D’abord je me rappelle qu’en 1977 Boniface Diarra était venu au lycée Prosper Kamara où j’étais élève. Il s’est entretenu avec certains, car il nous rencontrait par groupe. Mais à peine arrivé au lycée, les policiers avaient déjà cerné l’école. Il y eut panique.
Certains par peur, ont sauté de l’étage. Dans tout le secteur d’Hamdallaye, c’était la débandade. Même la nuit, des patrouilles étaient organisées pour prendre les élèves et étudiants. Plusieurs d’entre eux furent arrêtés. C’est pour vous dire que nous étions dans un régime policier.

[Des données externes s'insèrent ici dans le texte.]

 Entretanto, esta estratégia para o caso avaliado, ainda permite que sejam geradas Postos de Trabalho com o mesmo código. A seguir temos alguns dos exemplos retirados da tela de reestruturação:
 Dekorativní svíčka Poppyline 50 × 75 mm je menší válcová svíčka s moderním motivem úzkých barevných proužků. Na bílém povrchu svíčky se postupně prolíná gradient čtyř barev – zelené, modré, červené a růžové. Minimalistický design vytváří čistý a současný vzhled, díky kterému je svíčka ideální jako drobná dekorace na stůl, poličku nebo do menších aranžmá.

A Sévaré, où j’étais en 1980 comme élève, nous avons été informés qu'à Bamako, les élèves et étudiants étaient en grève. C’est ainsi que nous avons reçu un envoyé de l’UNEEM qui nous a fait le point de la situation qui prévalait à Bamako. Vu le non-engagement du bureau de Sévaré, certains ont décidé de le démettre et de mettre un autre bureau pour être en phase avec les revendications du bureau national de l’UNEEM.

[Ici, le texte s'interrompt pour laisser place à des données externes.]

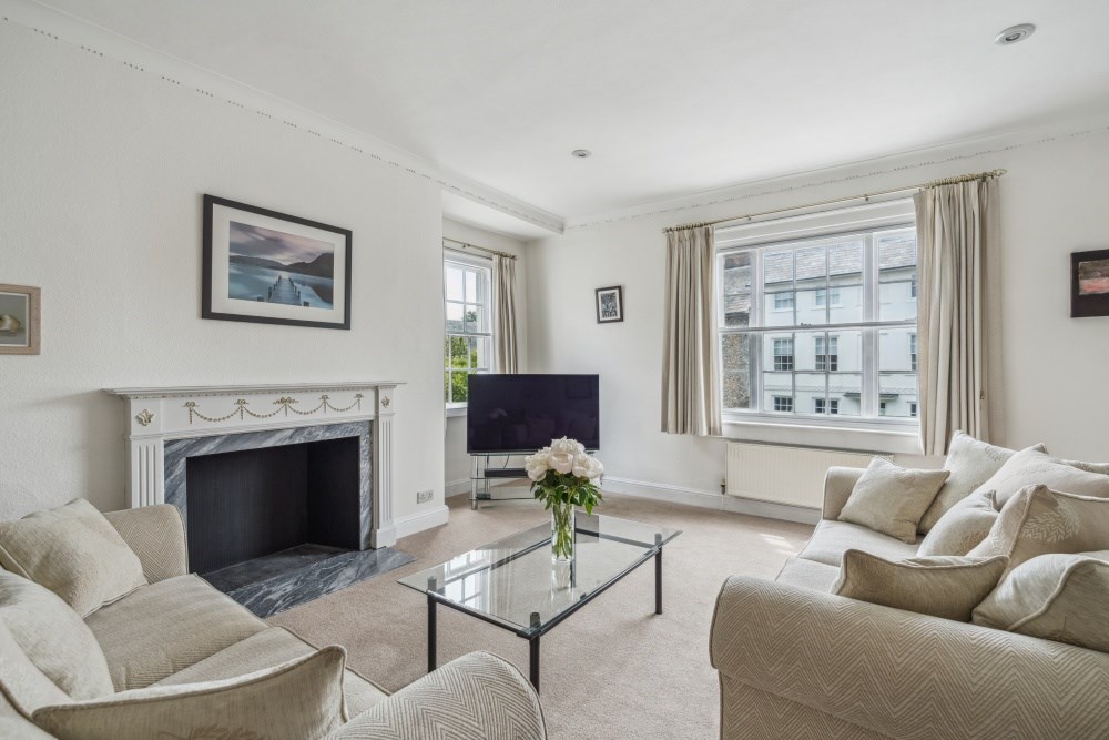 The main building exudes character with its grand entrance door, leading into a meticulously maintained communal hall. Ascend the stairs to the first floor, where a stylish glass-panelled door opens into a bright and welcoming hallway. The modern kitchen is well-appointed with plentiful wall and floor cupboards, providing generous storage. It features a sleek Bosch induction hob with an oven beneath, a black glass splashback, and an extractor fan. The stainless steel 1½ bowl sink, Bosch washing machine, and Liebherr fridge freezer complete the functional yet stylish space. To the right of the hallway you are greeted by a spacious, light-filled dual-aspect lounge. This airy living area boasts picturesque views, a charming fireplace with a marble surround and hearth, perfect for cozying up on cooler evenings. Additional features include an airing cupboard housing the water tank

Donc, lors d’une sortie, les gendarmes ont arrêté 18 élèves. Certains ont été traqués jusque dans leurs familles. Dix-huit ont été bastonnés et torturés. Pour échapper aux forces de l’ordre, certains camarades ont été obligés de marcher des kilomètres à pied. Danfaga était le gouverneur de Mopti à l’époque.
Il était venu voir les élèves arrêtés et les a mis au pas comme des militaires. Il a ordonné aux gendarmes de les surveiller sans relâche et a instruit aux élèves de se présenter tous les jours à la gendarmerie et qu’en cas de soulèvement, ils étaient responsables. Aussi, je me rappelle, lors d’une manifestation, Ibrahim Thiocary est arrêté, torturé et mis à mort sous les ordres de Danfaga et du capitaine Aliou Traoré.
Mais il faut aussi saluer le comportement de certains officiers qui nous conseillaient. A chaque fois qu’on voulait sortir, ils nous informaient des dispositions prises par les forces de l’ordre. Voilà à chaud, certains faits qui ont marqué la vie des élèves et étudiants du Mali sous le régime du CMLN et de l’UDPM".